What does your text field consist of? Does it include questions or answers?
@@ShawhinTalebi no only raw text, you may refer to any dataset of hf website that has only (text field & ID) so I'm trying to fine-tune the model on the Arabic dataset which is only raw text. Appreciate it, if you can make a video on: 1. how to fine-tune the model on languages other than English (because the model is originaly trained on English) 2. how to fien-tune the model with data that only has text and use the model for QA 3. Will the model that is not trained on English originally require pre-training and then fine-tuning
If you only have raw text, you will likely need to due data preprocessing to generate input-output pairs for fine-tuning. Thanks for the suggestions!!
nice
Thanks
Is there any limitation to the GPU memory? I am just a student with only a 3050 GPU with only 4GB memory
Great question. While it may take some time, the example here should run on a CPU, so I suspect it should run fine with your GPU. Give it a try and let me know how it goes.

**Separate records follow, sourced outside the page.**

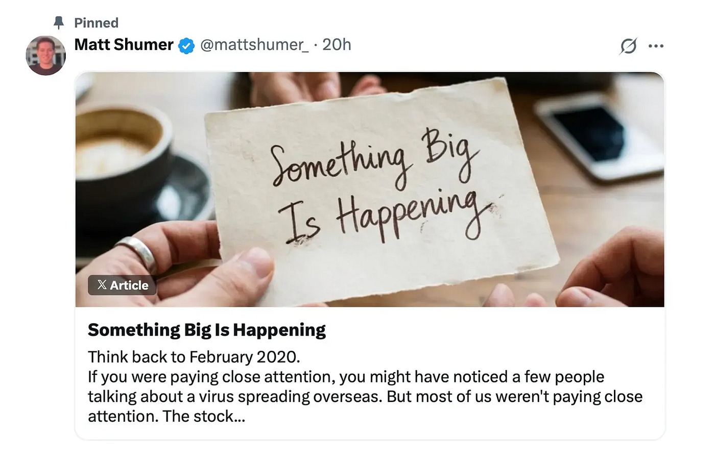 זה רק חלק קטן מציוץ ארוך של המשקיע והיזם מאט שומר שהפך לויראלי בטירוף בטוויטר השבוע: הוא הגיע ליותר מ-50 מיליון צפיות תוך 24 שעות. היום הוא כבר חצה את ה-80 מיליון. כל בכירי עולם הטכנולוגיה שיתפו, והגיבו שהמסר העיקרי: ״הכלים האלה לא עומדים לשנות את הכל. הם כבר משנים את הכל.״
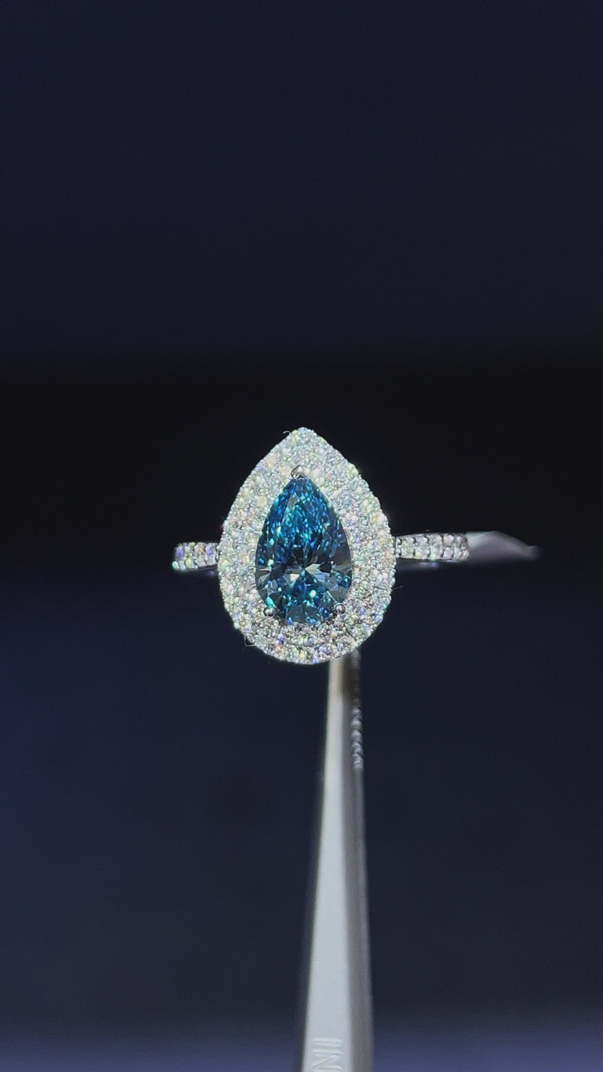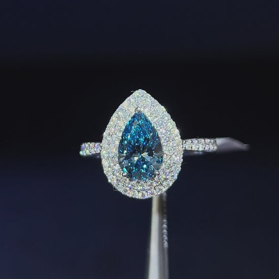 1.50CT VIVID BLUE PEAR CUT DIAMOND RING
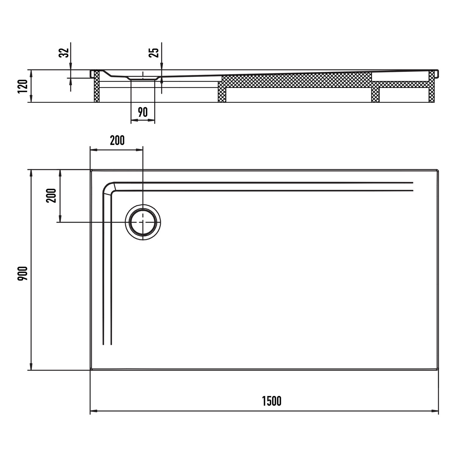 - Ablaufgarnitur KA 90 perfekt auf Duschfläche abgestimmt
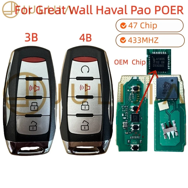 JULIJIA For Great Wall POER GWM Pao Poer Utility Haval UTE Cannon-X Pickup 47 Chip Keyless 4 Buttons 433Mhz Smart Remote Car Key

This is incredible, thank you for the clear tutorial. Please subscribe to this channel. One question: Can we apply LoRA to finetune models used in image classification or any computer vision problems? Links to read or a short tutorial would be helpful.
Thanks, glad it was clear! Yes! LoRA is not specific to language models. Here is a guide on image classification using LoRA from HF: huggingface.co/docs/peft/task_guides/image_classification_lora
@@ShawhinTalebi Thank you for the link.
Did you do this fine tuning on CPU or GPU, can you provide details? Thanks
I have a Mac M1 which uses unified memory (i.e. GPU and CPU are one).